Основная проблема заключалась в поиске моделей: у меня было мало знакомых в Лондоне, и после весьма неловкого случая в Хеймаркете я не решался обращаться к подходящим на вид женщинам с предложением работы. Мужчин писать не хотелось, в женщинах я видел куда больше поэзии — точнее, в особом типе женщин. Я дал объявление в «Тайме», но из двадцати откликнувшихся претенденток лишь одну или двух можно было условно назвать красивыми и уж вовсе ни одну — «приличной». Но пока они не раскрывали своих вульгарных ртов, я не жаловался и теперь, оглядываясь на свои ранние работы, с трудом могу поверить, что у очаровательной Джульетты был незаконнорожденный ребенок, а невинная Золушка любила приложиться к бутылке джина. В те дни я узнал о женщинах больше, чем когда-либо хотел знать. Я слушал их болтовню, видел их развращенность, читал их грязные мысли и презирал, несмотря на хорошенькие личики.

Некоторые пробовали соблазнить меня своими дешевыми уловками, но в те времена я держал своего внутреннего змия под контролем: каждое воскресенье я ходил в церковь, днем работал в студии, а вечерами отдыхал в респектабельном клубе. У меня было несколько приятелей, но я редко испытывал нужду в компании.
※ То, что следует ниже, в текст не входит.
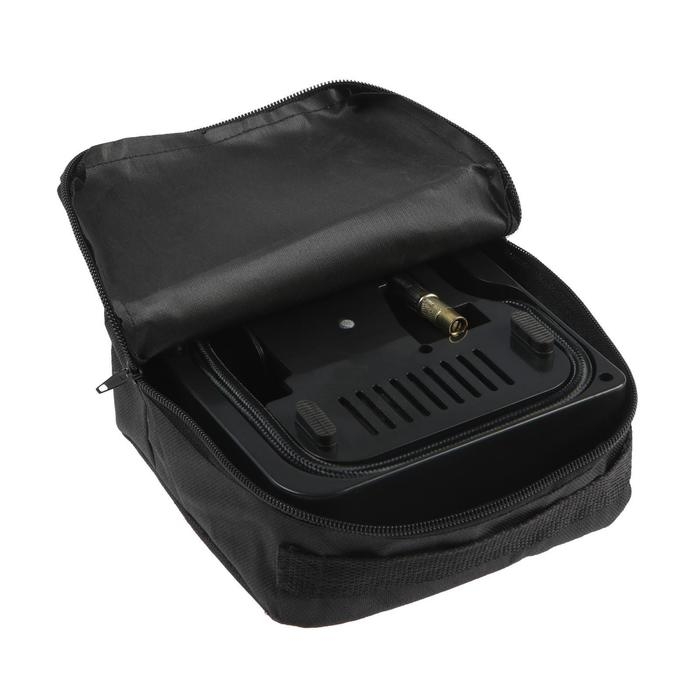 Компрессор автомобильный двухпоршневой, 12В, фонарь, 25 л/мин, сумка, черный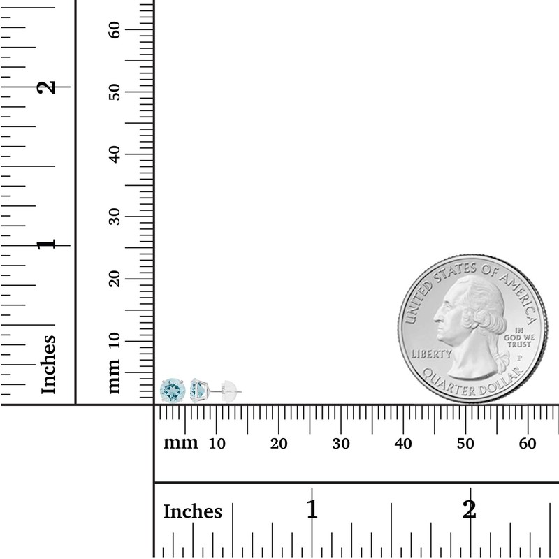 arete de tuerca redondos de oro de 10 quilates con piedra natal natural, 6 mm, Gema Oro de 10 quilates Piedra preciosa, Aguamarina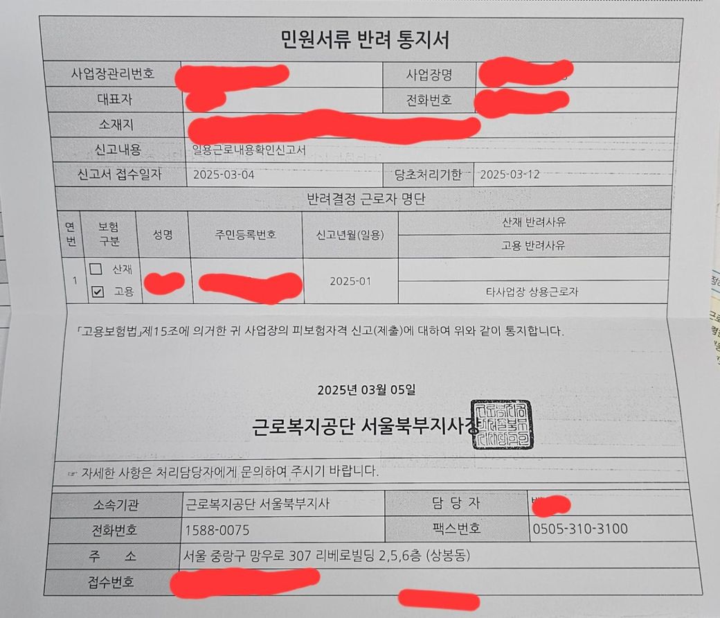 근로복지공단 민원서류 반려통지서 일용근로 질문드려요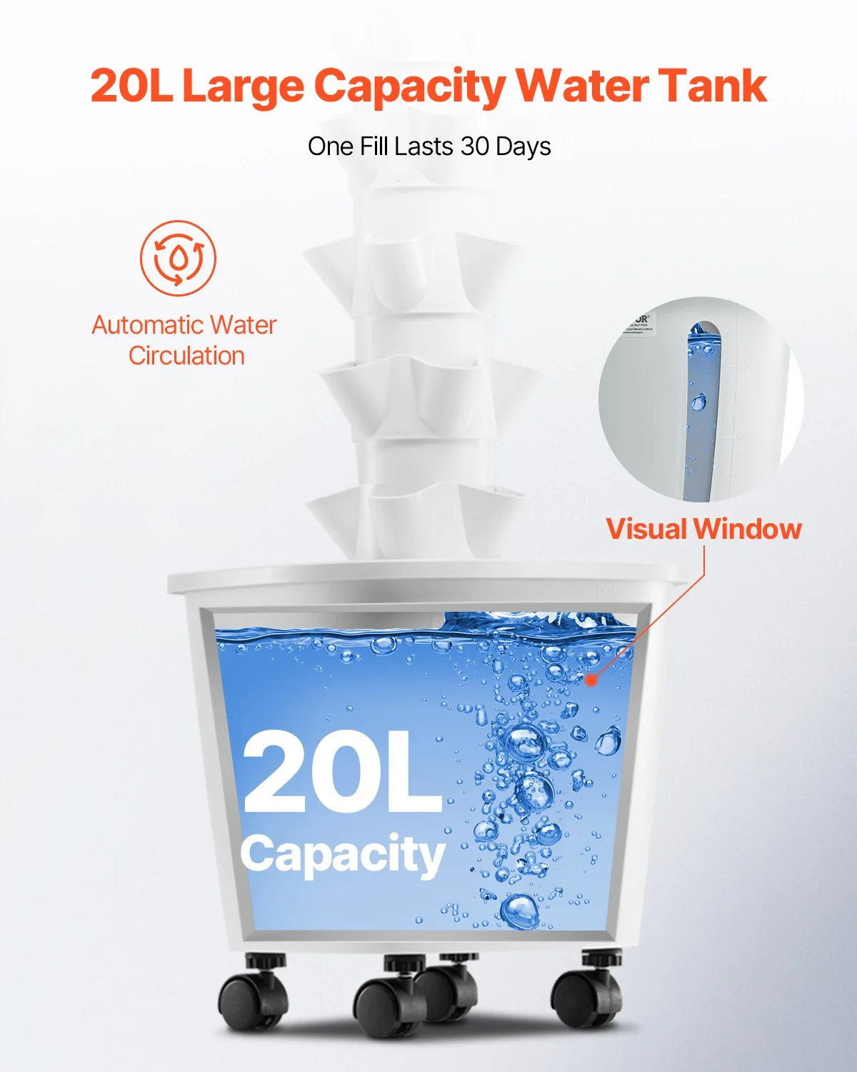 The 20L water tank needs only one refill per month. It comes with a visible water level window for easy monitoring. The DC micro-pump (7W, quiet operation) provides 600L/H flow and 2m/6.56ft lift height, ensuring continuous water circulation that keeps plant roots oxygenated, promotes healthy growth, and reduces water consumption compared to traditional methods.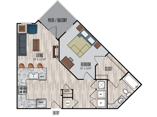Modelo de apartamento: A1$1,4251 Dormitorio, 1 Baño, 547 sq ftDisponible August 15, 2026![]()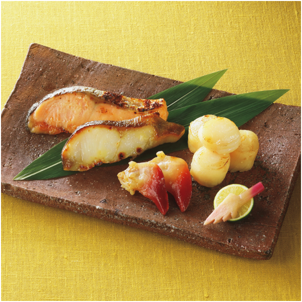 西京漬(鮭・銀鱈)各2切、北寄貝(2個入)、帆立(4個入)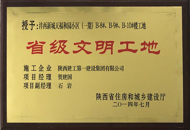 天福和園一期B8#、B9#、B10#樓工程榮獲陜西省建筑業綠色施工示范工程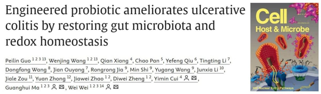 标题:Engineered probiotic ameliorates ulcerative colitis by restoring gut microbiota and redox homeostasis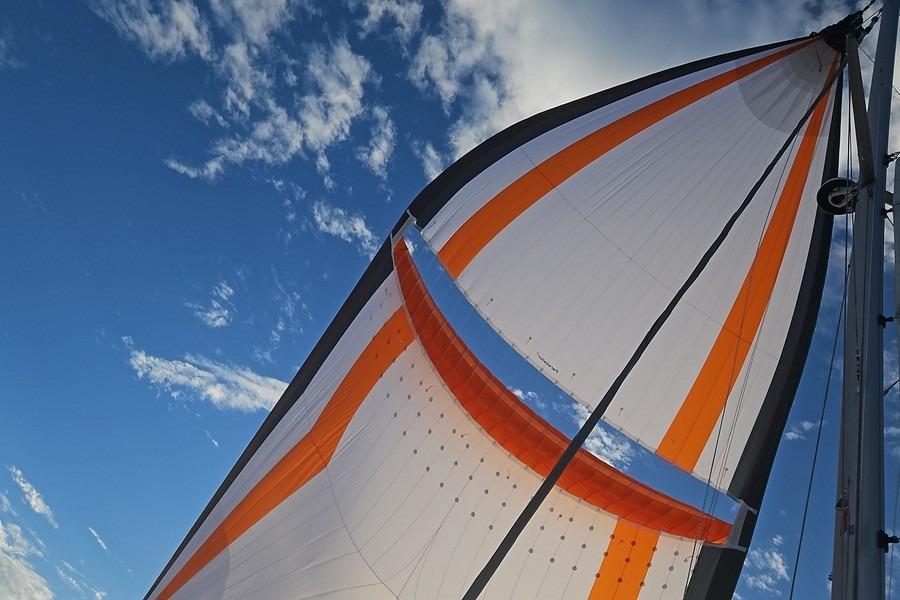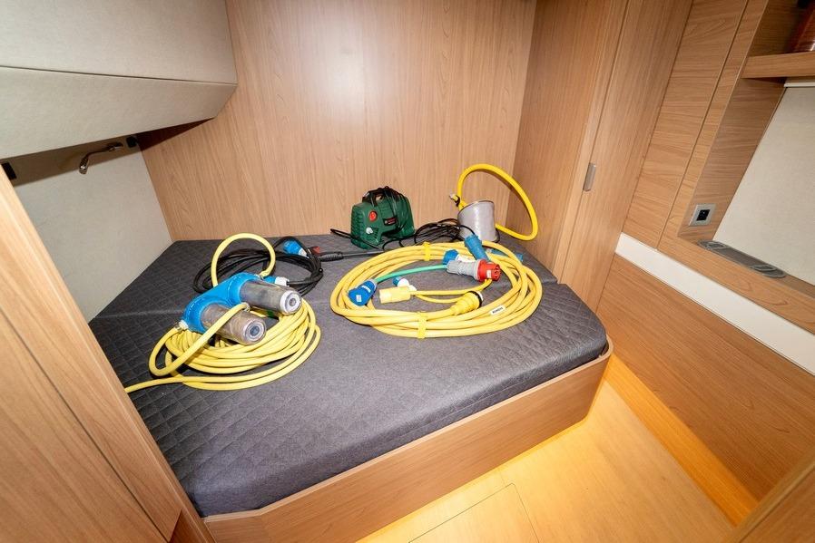 The owners have set the boat up really nicely for sailing. She features a large sail area with a square-top mainsail and furling solent, complemented by an excellent downwind sail package: a Code 0 on furler and a 222 m² Parasailor with easy snuffer system.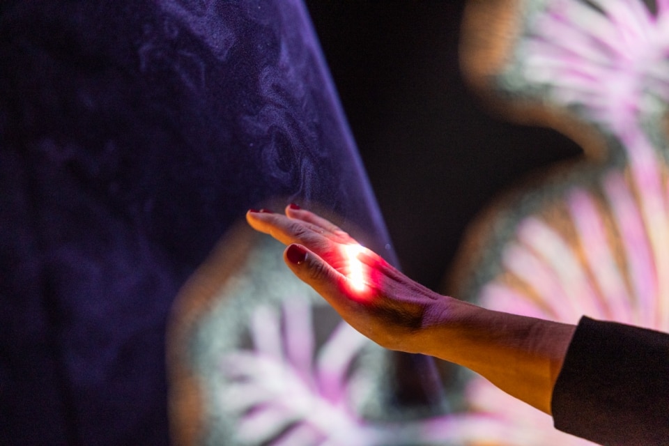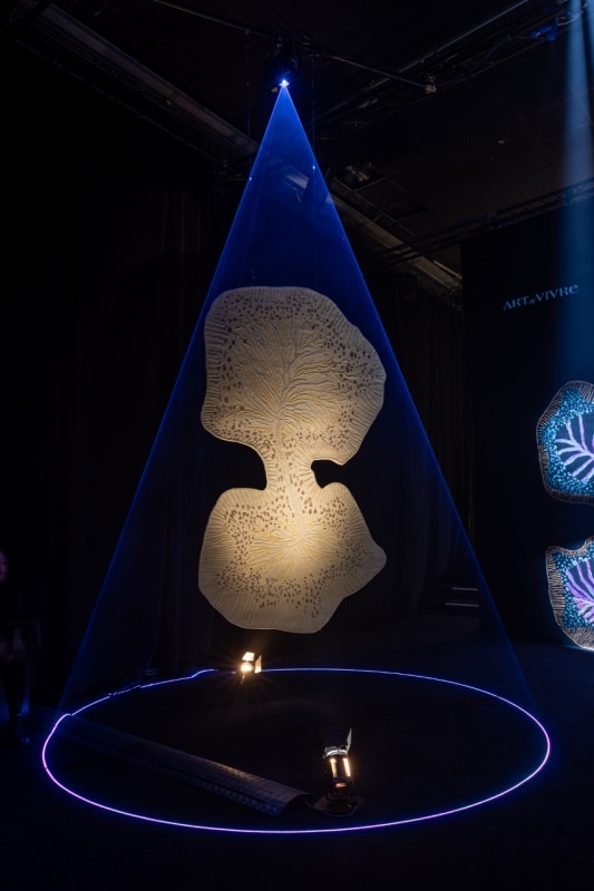 È sfuggita dall’itinerario di molti — probabilmente anche per via dei lavori in corso su Via Correnti che coprono l’ingresso — una tappa che noi invece reputiamo quasi irrinunciabile. Nello spazio del Teatro Arsenale, edificio che è in piedi dall’epoca medievale, Estúdio Campana presenta Floralis, la nuova collezione di tappeti disegnata per Art de Vivre. Si varca la soglia schermata dal velluto nero e ci si trova di fronte a una grande forma irregolare percorsa al suo interno da una ramificazione coloratissima di segmenti che ricorda un organismo cellulare. In effetti, il riferimento all’immaginario biologico si rintraccia in moltissimi degli ultimi lavori dello studio, oggi guidato da Humberto Campana, che in questa occasione ha raccontato a Domus: “È urgente guardare alla natura come forma di guarigione e interagire con essa in armonia con il bene comune della società. È qualcosa che la natura stessa ci chiede da tempo e che necessita di un modo di vedere le cose più intimo e più profondo.” Intimo e profondo è anche il rapporto che si stabilisce tra i tappeti e chi li osserva: l’ambiente scurissimo concede un raggio di luce solo alle opere che sembrano fluttuare nel vuoto all’interno di capsule disegnate dalla luce stessa.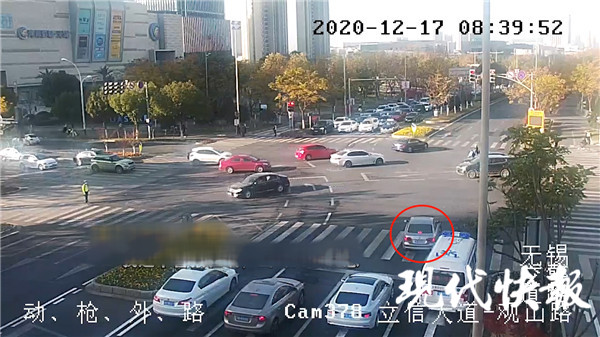 △ 小轎車越過停止線左轉(zhuǎn)停在了斑馬線上,為后方救護(hù)車讓開一條生命通道。 無錫交警供圖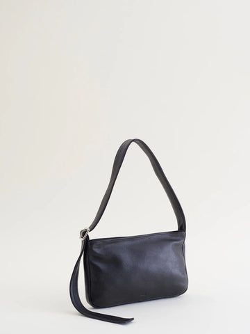 Baby version of Are Studios' best-selling Jane bag. A small, soft form shoulder bag with one adjustable flat shoulder strap. Featuring a minimal metal slider on the strap and one interior pocket. Unlined leather.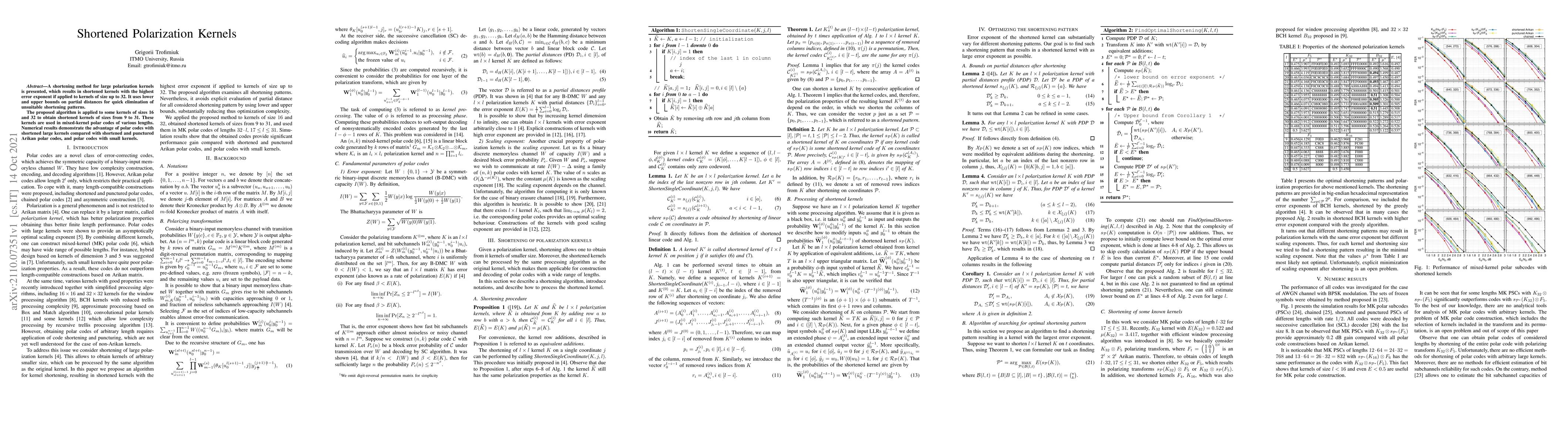 This paper presents a method to shorten large polarization kernels efficiently, achieving minimal error exponent for kernels up to size 32. The algorithm uses bounds on partial distances to quickly eliminate unsuitable patterns, resulting in kernels ranging from 9 to 31. Numerical results show that these shortened kernels improve performance in mixed-kernel polar codes compared to traditional shortened and punctured Arikan polar codes and small kernels.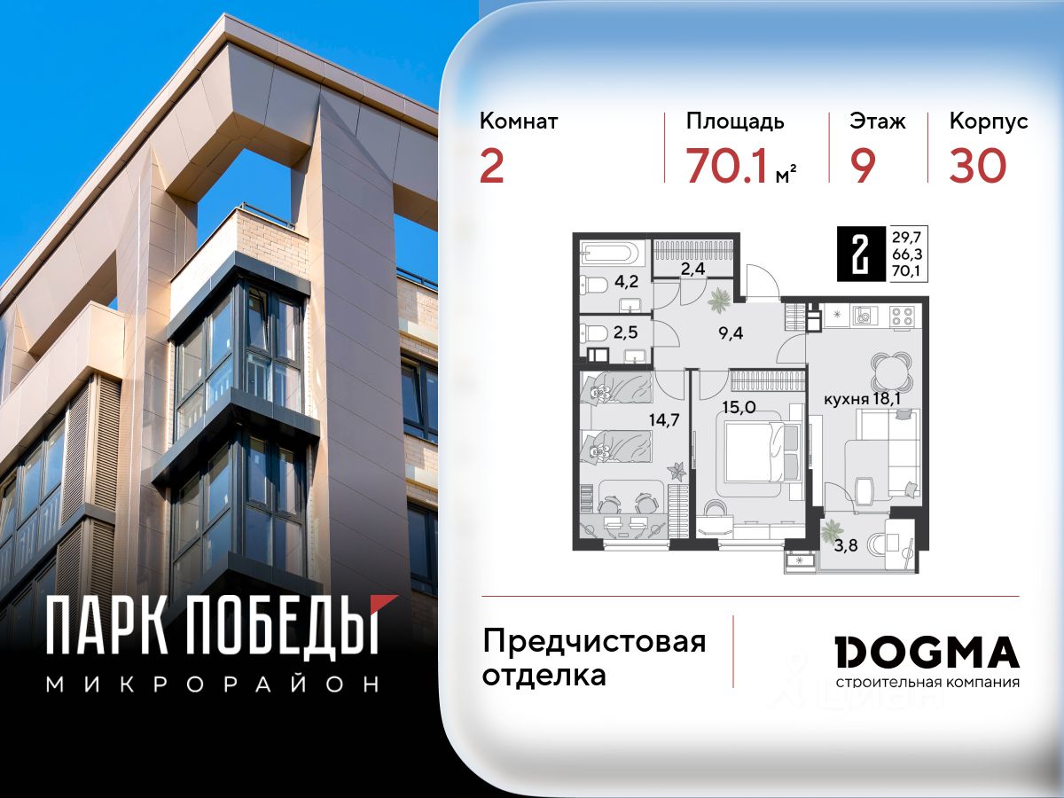 В продаже 2-комнатная квартира от застройщика! ЖК "Парк Победы 2", г. Краснодар, Литер 30 Срок сдачи: 4 кв. 2025, общей площадью 70.1 кв.м., на 9 этаже. Концептуально новый микрорайон "ПАРК ПОБЕДЫ" - это статная архитектура, вдохновленная наследием страны. Уникальное культурное пространство в стиле сталинского ампира, который отличает монументальность, классические пропорции и четкость линий. •Безбарьерная среда •Сквозные подъезды •Авторские лобби •Видовые квартиры с панорамным остеклением •Квартиры с мастер-спальнями и отдельными гардеробными •Потолки 3 метра •Улучшенная отделка от застройщика •Подземный паркинг и кладовые •Дворы без машин с видеонаблюдением •Круглосуточный пост охраны •Школа для 1 550 учеников •4 детских сада •Уличные тренажёры, зоны для пинг-понга и йоги •Крытый боксёрский ринг •Собственный пешеходный бульвар •Прогулочные аллеи с фонтаном •Коммерческие помещения на первых этажах Приобрести квартиру можно одним из способов: -субсидированная семейная ипотека 4,5 % на весь срок -рассрочка до конца строительства -оплата наличными -дистанционная покупка Позвоните сейчас и забронируйте квартиру со скидкой!

Ведь у меня было искусство. Я даже вообразил, что женщины не имеют надо мной власти, что я наконец обуздал порывы грешной плоти. Вот на таком самомнении Господь и колесует грешников. Но время бежит, и я должен перепрыгнуть еще через три года, к тому моменту, когда мне исполнилось тридцать три, в тот ясный осенний день, когда я встретил свою Немезиду.

Одно время я писал детей — найти красивого ребенка, которого мать готова отпускать на несколько часов в день, не составляло труда. Я платил им по шиллингу в час — больше, чем некоторые из этих женщин зарабатывали сами. Итак, я, как обычно, гулял по парку и вдруг заметил женщину с ребенком — некрасивую особу в черном и маленькую девочку лет десяти, чье лицо было столь поразительно, что я остановился, не в силах отвести глаз.

Худенькая девочка, закутанная в уродливую черную пелерину, словно с чужого плеча, двигалась с необычным для своего возраста изяществом, но более всего меня потряс цвет ее волос — скорее белые, чем золотистые, и на мгновение она показалась маленькой старухой, подкидышем, оставленным эльфами среди веселых румяных ребятишек. У нее было заостренное почти бесцветное лицо, большие бездонные глаза, не по-детски пухлые, но бледные губы и удивительно трагичный вид.